Problem to work on: Output the data word for word, dropping every image.

[[ The data, beginning ]]

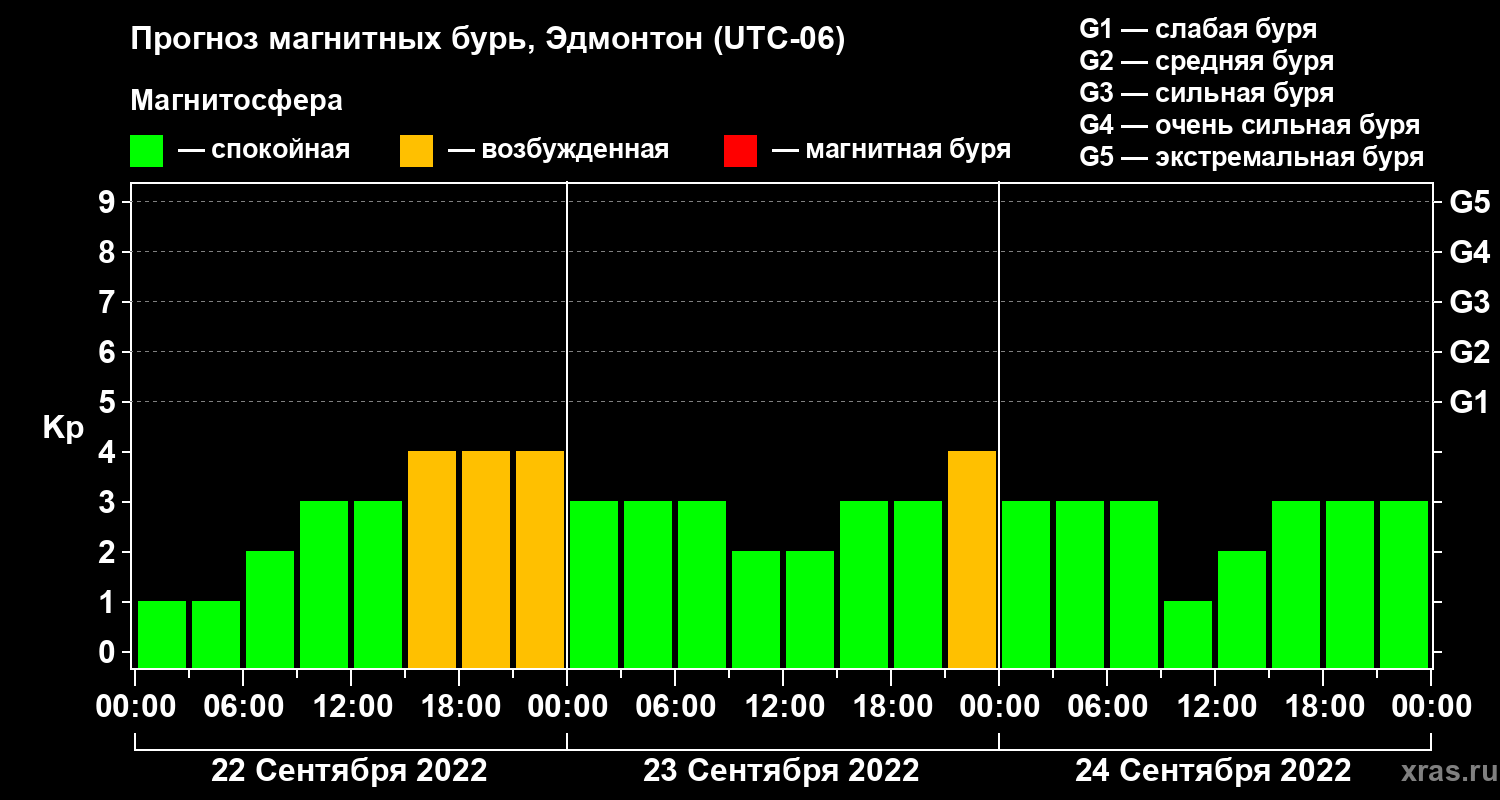Прогноз магнитных бурь в Эдмонтоне на 22 сентября 2022 года
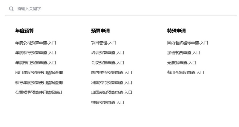 系统包括:公司预算,费用预算,差旅预算,审批管理,文档管理等。
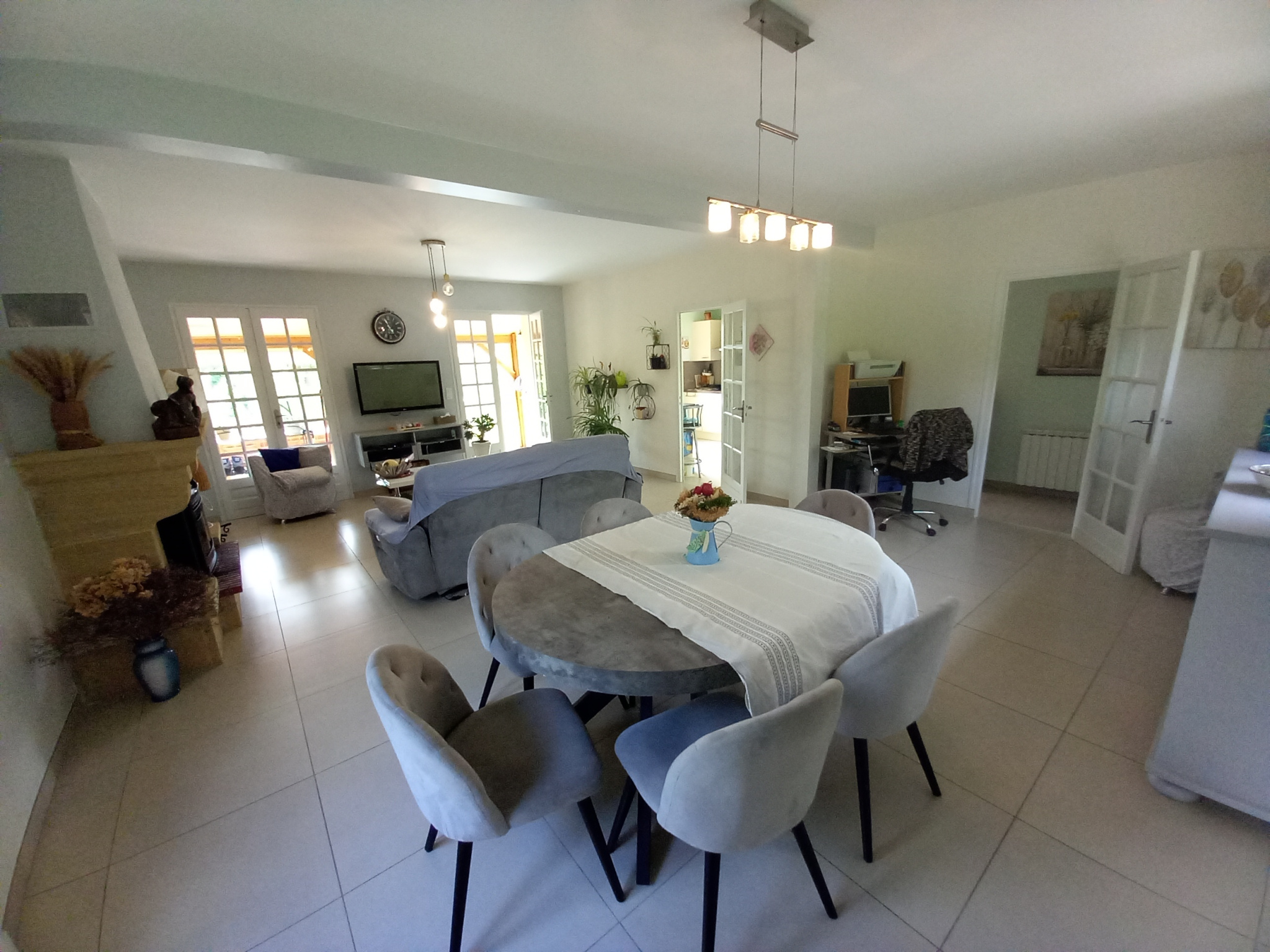 Un spacieux salon-séjour de 43 m2, lumineux, avec accès direct à une véranda offrant une vue imprenable sur le parc et la piscine
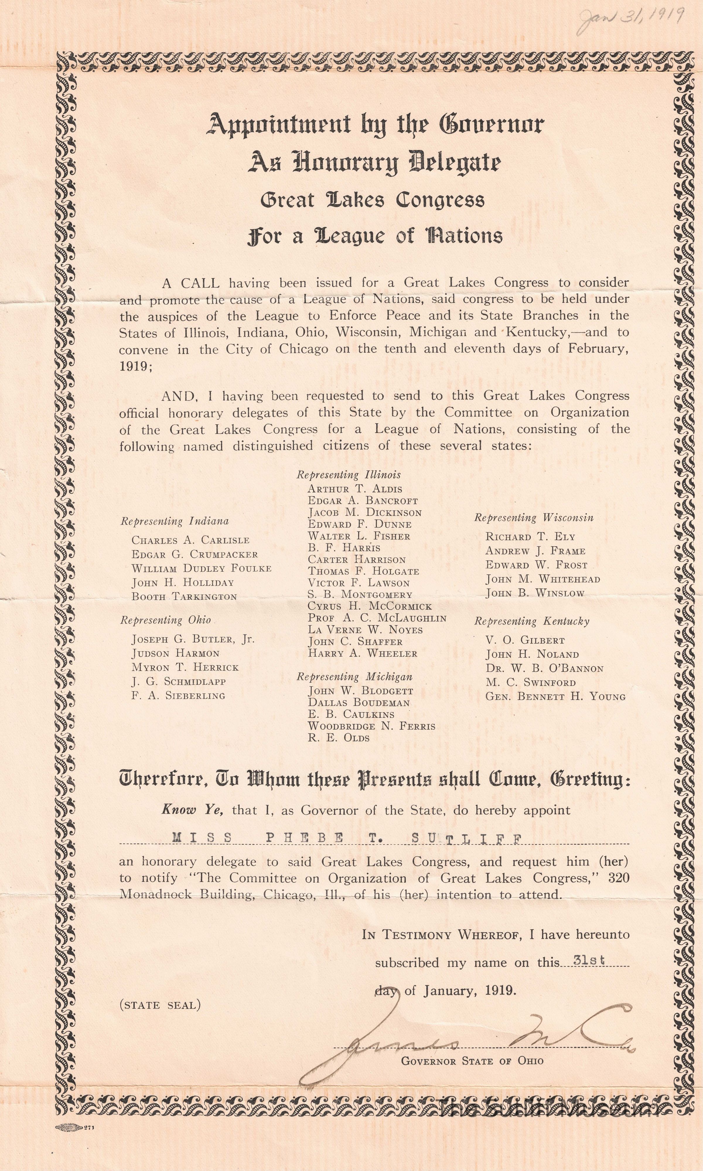 An Appointment by the Governor, James M. Cox, of Phebe Temperance Sutliff as an Honorary Delegate of the Great Lakes Congress for a League of Nations.Relationships

[[ The data, end ]]

Response to this task:
Прогноз магнитных бурь в Эдмонтоне на 22 сентября 2022 года
 系统包括:公司预算,费用预算,差旅预算,审批管理,文档管理等。
 Un spacieux salon-séjour de 43 m2, lumineux, avec accès direct à une véranda offrant une vue imprenable sur le parc et la piscine
 An Appointment by the Governor, James M. Cox, of Phebe Temperance Sutliff as an Honorary Delegate of the Great Lakes Congress for a League of Nations.Relationships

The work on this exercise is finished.